Australian musicians and concert promoters say they fear what the future holds if the federal government does not put in place a program to help them obtain event insurance related to the pandemic.
Performers across the country hope to resume performing and touring, as the country moves closer to vaccination targets that would allow COVID restrictions and border controls to ease.
But lingering uncertainty over the need for instant lockdowns or border closures means event planners – from musicians on self-funded pub tours to major festival promoters – can’t get insurance to cover their losses. if a show needs to be canceled.
The uncertainty means shows and tours that might otherwise already be on sale for 2022 are at risk.
On Thursday, promoters, artists and music industry organizations took advantage of a parliamentary hearing to once again call on the federal government to put in place a program that would cover the cost of insurance for events, similar to those in place in Europe and UK.
“Do I want it?

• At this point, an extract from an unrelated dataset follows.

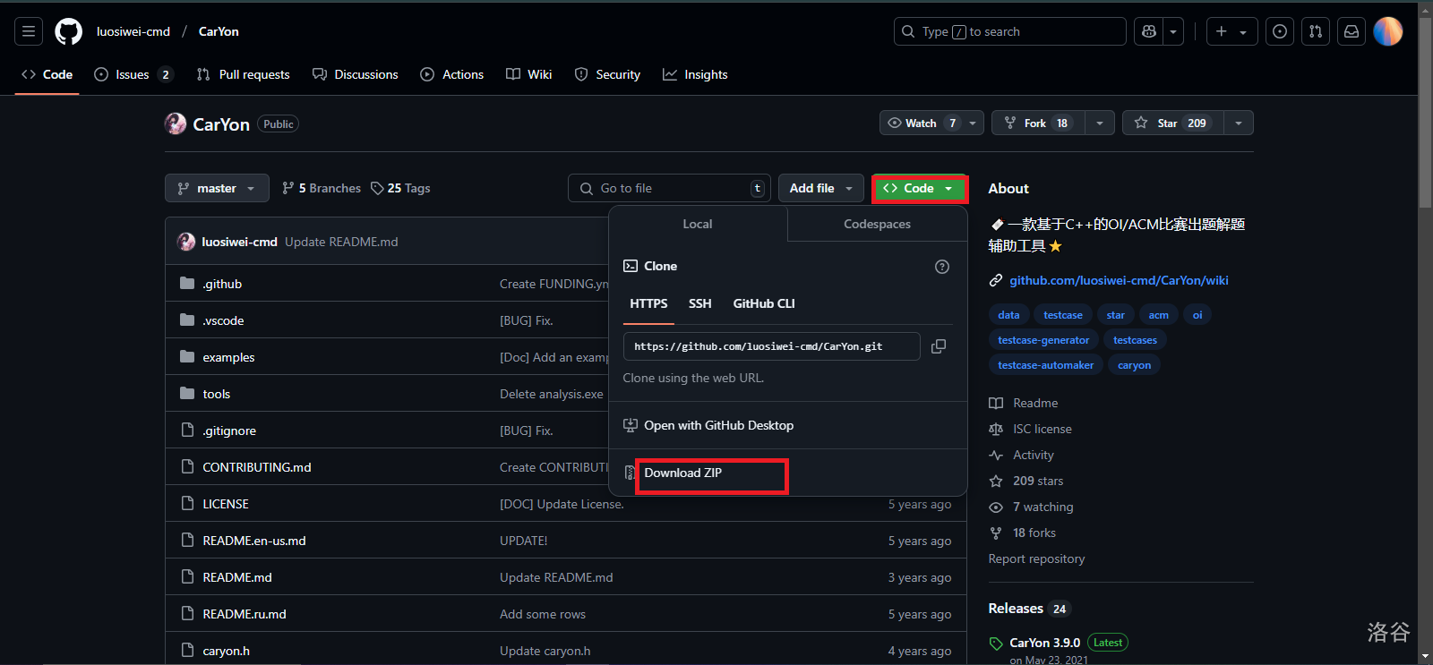 打开页面,找到绿色的 Code,点击 Download ZIP 下载文件。

No,” singer-songwriter Pete Murray told the Senate committee, which is considering a bill that would create the ploy.
“But do I need it? Yes.
“There is a lot of fear [in the industry]. “
John Watson of the music company Eleven, which manages artists like Midnight Oil and Missy Higgins, said the lack of insurance options was a “market failure” the government needed to step in and fix.
“More and more people are saying it’s too risky to go on tour,” he said.
In a submission to the committee, the Insurance Council of Australia said event insurance for pandemics “is not possible without government involvement”, given the difficulty of pricing risk.
Murray said if a government program meant he could insure his visits against a COVID-related cancellation, “at least we have some sort of assurance that we’re going to get something back.”
Vaccines do not target “quick fixes” for music
Representatives for promoter Fuzzy, which hosts festivals including Listen Out, said large-scale events come with major risks with large expenses and slim margins. Some may take a year to organize.
If the Sydney stage of the Listen Out festival with a capacity of 35,000 people were to be canceled on one day’s notice, for example – as Bluesfest was in March – Fuzzy would lose $ 4 million, said its co-founder Adelle Robinson.
“We went from a healthy business to a loss-making business in 12 months,” said Ming Gan, another co-founder of Fuzzy.
The music industry is trading at a fraction of its usual level and has been decimated in the past 18 months.
The most recent I Lost My Gig poll, released in August, put the number of canceled events in the arts industry at 28,000 since July 1, representing $ 84 million in lost wages.
While more companies will return to the business in the coming weeks across Australia, “an 80% vaccination rate is not a silver bullet for the live music industry,” said Dean Ormston, manager of the music rights organization APRA-AMCOS.
The program “does not work without federal participation”
The federal government has provided targeted support to the music industry during COVID.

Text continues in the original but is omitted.